= Alvenia Fulton =

American nutritionist and naturopath

Alvenia Moody Fulton (May 17, 1906 – March 5, 1999) was an American nutritionist and naturopath.

== Early life and career ==
Fulton was born on May 17, 1906, in Pulaski, Tennessee, where her parents owned a 156-acre farm. Her parents, Richard and Mahala Moody, practiced alternative medicine using roots and herbs found in nearby forests. In her early life, she took jobs as a practical nurse, a schoolteacher, and a midwife, but she later enrolled at Tennessee State Normal College and decided to become a minister. Fulton went to Greater Payne Theological Seminary in Birmingham, Alabama, becoming the first woman to attend and graduate from that school. One of the first female members of the A.M.E. Church's Northern Alabama Conference, she pastored three churches. By the beginning of the 1950s, she had moved to Chicago, Illinois.

== Nutrition and naturopathy ==
Fulton spent decades in poor health, and in 1954 she was hospitalized on two occasions: once for bleeding duodenal ulcers and once for uterine fibroid tumors. Deciding that conventional medical treatments were ineffective, she began to attend lectures by Paul Bragg, Gayelord Hauser, and others on the topics of nutrition and naturopathy. She stated that consuming raw cabbage juice (as suggested by Stanford's Garnett Cheney) cured her ulcers and that fasting (as recommended by lecturer Max O. Garten) cured her tumors. Seeking to tell others about the effects of good nutrition, she left the ministry and, in 1955, opened the Pioneer Natural Health Center in her Chicago home. In 1957, she opened a store, which she named the Fultonia Health Food and Fasting Center, on 63rd Street. The store sold restaurant items, such as salads, soups, juices, and vegetarian chili, as well as potions mixed by Fulton and herb and vitamin pills. According to naturopath Eileen Silva, it was a "homespun kitchen that exploded all over the place".

Fulton's store served mostly members of the local community and garnered little attention until 1966. In that year, she sent Dick Gregory, who was at the time running a write-in campaign against Richard J. Daley in the Chicago mayoral election, what he described as an "unsolicited container of funny-looking salad". At first, he was afraid that the salad had been laced with arsenic and sent by Daley to poison him, but upon realizing that it was a promotional gimmick by Fulton, he and his wife visited her at her store and had a consultation with her. Gregory became her most noteworthy client; she taught him fasting techniques that he later used as part of various political protests. Other prominent clients of Fulton's were Bill Walton, Ben Vereen, and Roberta Flack. She authored Vegetarianism: Fact or Myth (1974), Fasting Made Simple (1979), and, with Gregory, Dick Gregory's Natural Diet for Folks Who Eat (1973); she also hosted a radio show on WVON, gave lectures on college campuses, and appeared on television.

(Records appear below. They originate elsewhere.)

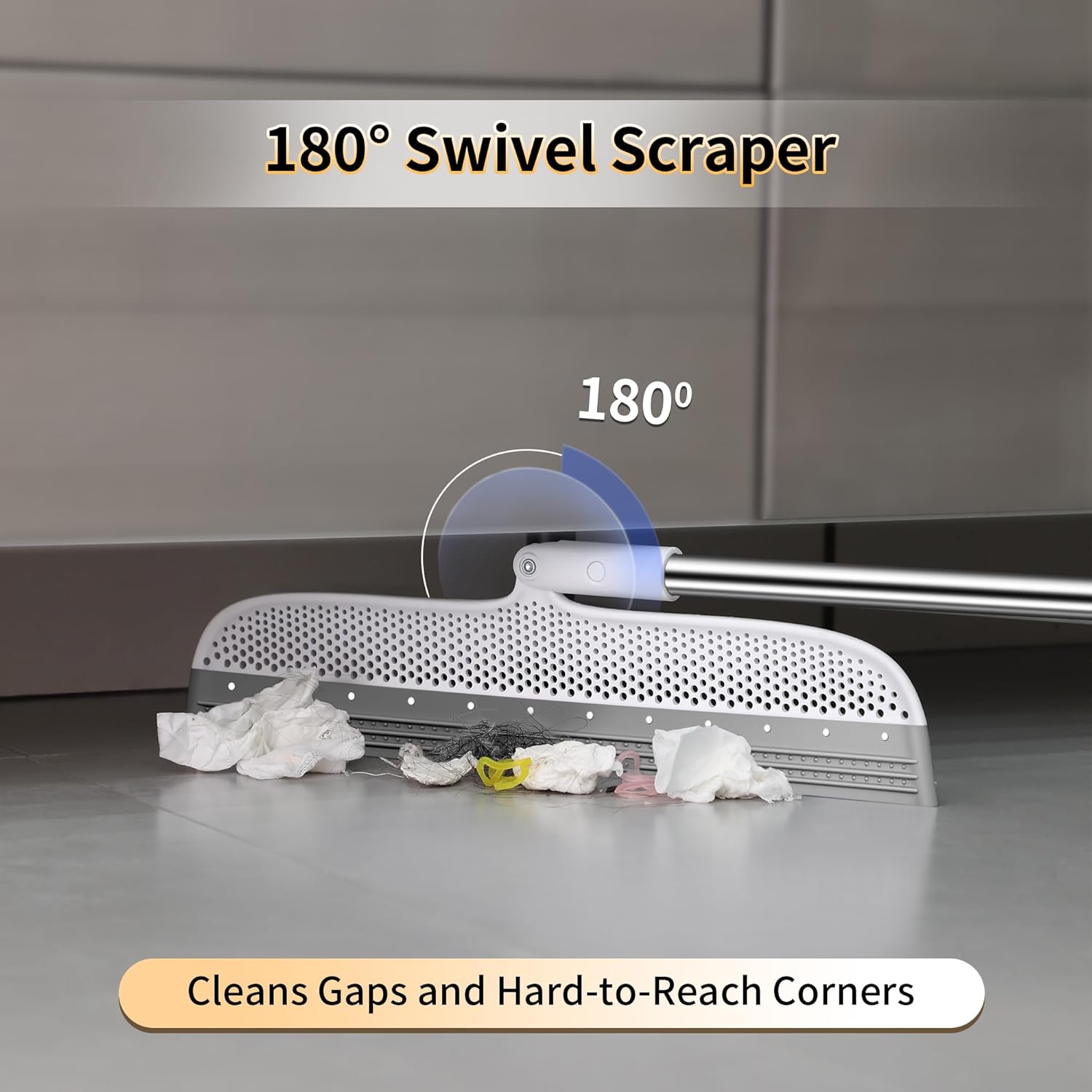 - 【180-Degree Maneuverability】The swivel head on this squeegee broom pivots to clean tight spaces regular brooms miss. Easily reach under furniture and into corners with the flexible rubber broom design.
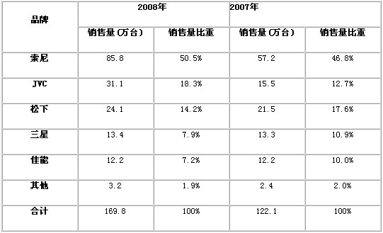 表2 2007-2008年中國數(shù)碼攝像機(jī)市場品牌銷售量結(jié)構(gòu)
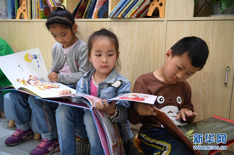 4月20日,小读者在桐城市小金婴共享绘本馆内阅读。新华社记者 刘军喜 摄

== Later life and death ==
Fulton continued working into her 90s. In 1992, part of West 63rd Street was named Dr. Alvenia Fulton Drive in her honor. She died March 5, 1999, at the age of 92 in Chicago's Holy Cross Hospital. In a 2019 article, Travis A. Weisse described Fulton as "the pioneering advocate of therapeutic fasting and corrective nutrition in black America", writing that she "performed critical cultural labor by translating ideas from the overwhelmingly white alternative medical community—and subsequently the natural health food movement—for an urban black audience".